We asked our expert what Airgas is doing to facilitate knowledge sharing. "We have dedicated teams around the world," he tells us, "who facilitate knowledge transfer across different Airgas and Air Liquide companies. We take advantage of technology that allows us to share files and collaborate on projects, run webinars and encourage internal communication. Providing engineering and design assistance for Airgas projects is part of my job description because we want to mentor our new engineers who may not have a lot of real-world experience working with the materials, whether it is pipe, tube, valve or other.”

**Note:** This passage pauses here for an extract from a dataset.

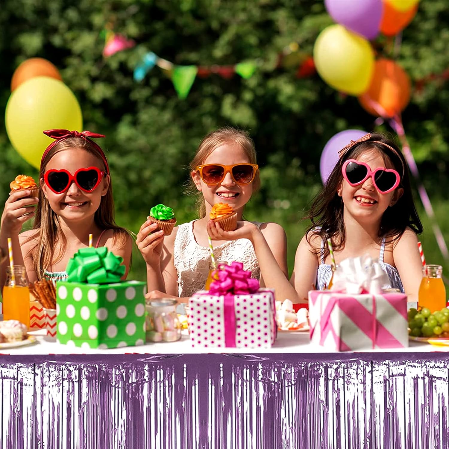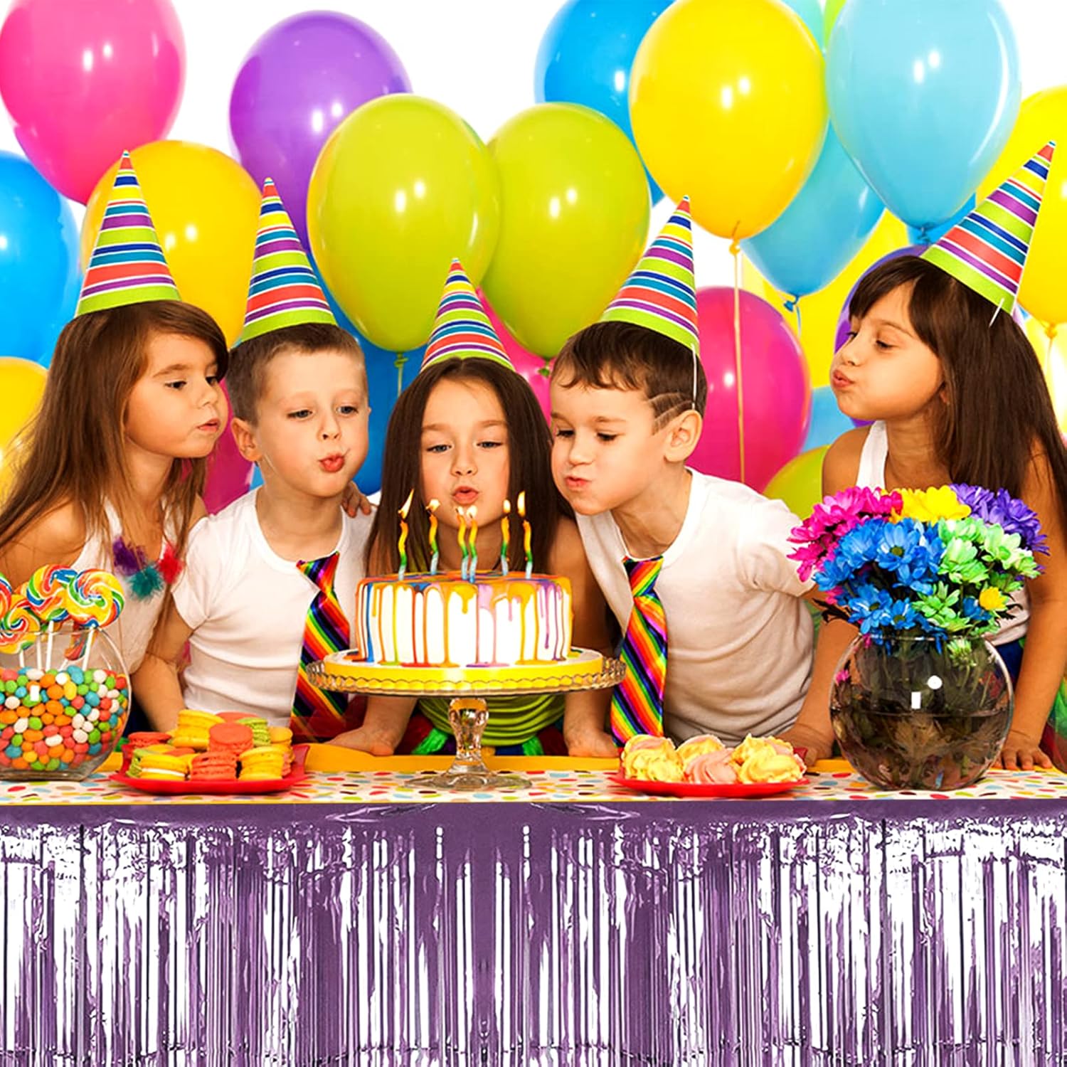 4 Pack 29x108 Inch Metallic Foil Fringe Tinsel Table Skirts for Rectangle Tables Streamer Backdrop for Wedding, Birthday, Parade Floats, Christmas, Halloween Party Decoration(New Light Purple)
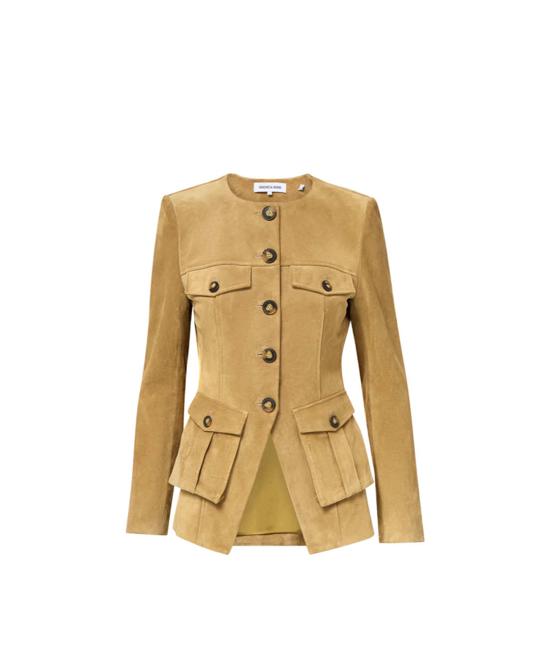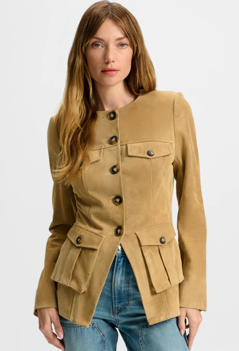 Sleek and polished, Orrin is a slim-fitting, elongated jacket with a utilitarian edge. Crafted from butter-soft Italian calfskin, it features a collarless crew neckline, front flap pockets, and an angled cutaway hem for a lengthening effect. Style it closed as a top, or layer open over cotton tanks and lightweight knits.

Additionally, in a company the size of Airgas, there is no shortage of internal experts and consultants who may be called upon to provide expertise to an internal project or team. “For most of our Airgas projects, there is always a pretty good-sized team. The project manager pulls everything together, but he can’t design the concrete, steel, pipe and electrical; there is no human on the planet with a professional engineering certificate in all those disciplines. So, we bring in the company experts to help him out. One person can’t build a USD$100 million plant alone.”

Diversity to keep it interesting

After nearly 18 years as an International Expert, we asked Schweighardt what he liked most about his new hybrid position. “I enjoy meeting people,” he replied. “I like visiting a client, seeing their plants and the facilities where they actually perform the work. In the same day, I could visit a company that welds pure platinum and then another that builds aluminum navy boats. We work with every type of welding that you could imagine, just a ridiculous variety of products, materials and techniques. Diversity, in a word. That is the best part of the job.”

About the expert

Fred Schweighardt is a National Project Leader and International Expert for Airgas, an Air Liquide Company in Houston, Texas. In this capacity, he is applying his extensive background in welding to the fields of industrial gas in fabricating and manufacturing. Prior to joining Air Liquide, he was employed as a pipe welder, heating plant engineer, and weld shop manager. Fred is the Chairman of the AWS A5S (shielding gas) committee and is also a voting member of ISO US TAG 44. Schweightardt graduated from the University of Utah with a BS in Welding Engineering Technology, and is an AWS Certified Welding Inspector.